I have concluded from this that we eat things that are bad for us because we are sated. In food as in all things, intemperance deadens our ability to appreciate the good. I would even say the holy, because eating can be a religious observance. Maybe that’s why we—blasphemous species that we are—process our food until its nutritive content is gone, filling it with fake colors and other chemicals, and distorting it so that no can guess its origin.

My joy in baking

Since Peggy was diagnosed as pre-diabetic, I’ve become quite excited about the possibilities of barely processed grains, and am going through every book I can find on the subject. I’m also buying things like sorghum, buckwheat, pot barley, and teff, grains I have never used.

I began baking yeast breads in the mid-seventies. My mother made yeast biscuits, but she never made yeast loaves, so I was the first person I knew to do it. A few loaves didn’t rise as much as I would have liked, but I didn't see fit to throw them out. Of course, the only whole grain I could buy in rural Mississippi was wheat flour.

Over the years, my baking interests turned away from yeast breads and toward whole grain crackers, biscuits and cornbreads. Biscuits and cornbreads were Southern staples that I had always made anyway, but crackers were entirely new and exciting, and appealed to me aesthetically and by virtue of their toughness (you could throw them against the wall without hurting them) and longevity. Peggy and I were traveling a lot at the time, and I would bake enough crackers for a two-month camping trip, and they would keep without refrigeration. My first recipe was for whole-wheat communion wafers and was given to me by an Episcopal priest. I baked them for the church until someone with throat cancer objected.

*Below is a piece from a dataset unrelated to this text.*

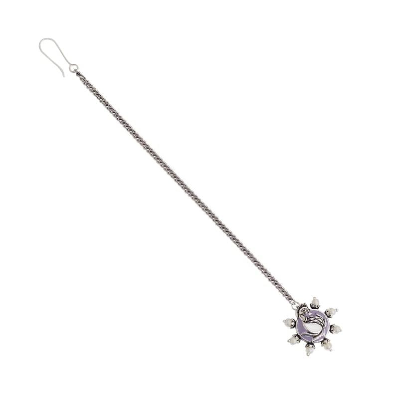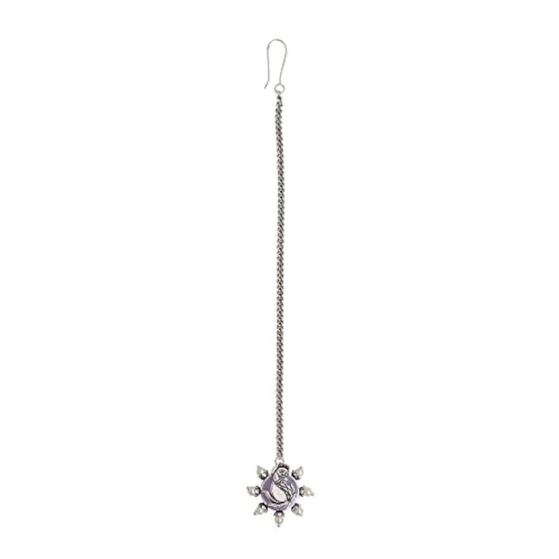 This elegant Apsara maang tika features faux pearls and a peacock motif. Perfect for special occasions.
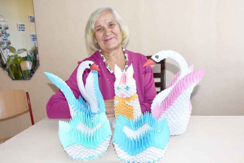 В отделение Березинского ТЦСОН пришла относительно недавно – в январе, и нашла единомышленников, интересных и добрых собеседников, с которыми в радость пообщаться, провести вместе время, заняться рукоделием. В свободное время Нина Путрик делает сувенирные вазочки и лебедей.

After fifteen years or so, the thought occurred to me that maybe I didn’t have to stick to the recipe so religiously, and I began experimenting with various oils, flours, sweeteners, etc. I discovered that it is really hard to muck-up a batch of crackers unless you burn them, Unfortunately, that is easy.

I’ve seldom baked a cake, rarely a cookie, and I only bake pies at Peggy’s insistence, but crackers, biscuits, and cornbreads have retained my passion. I eat the last two with molasses or sometimes maple syrup.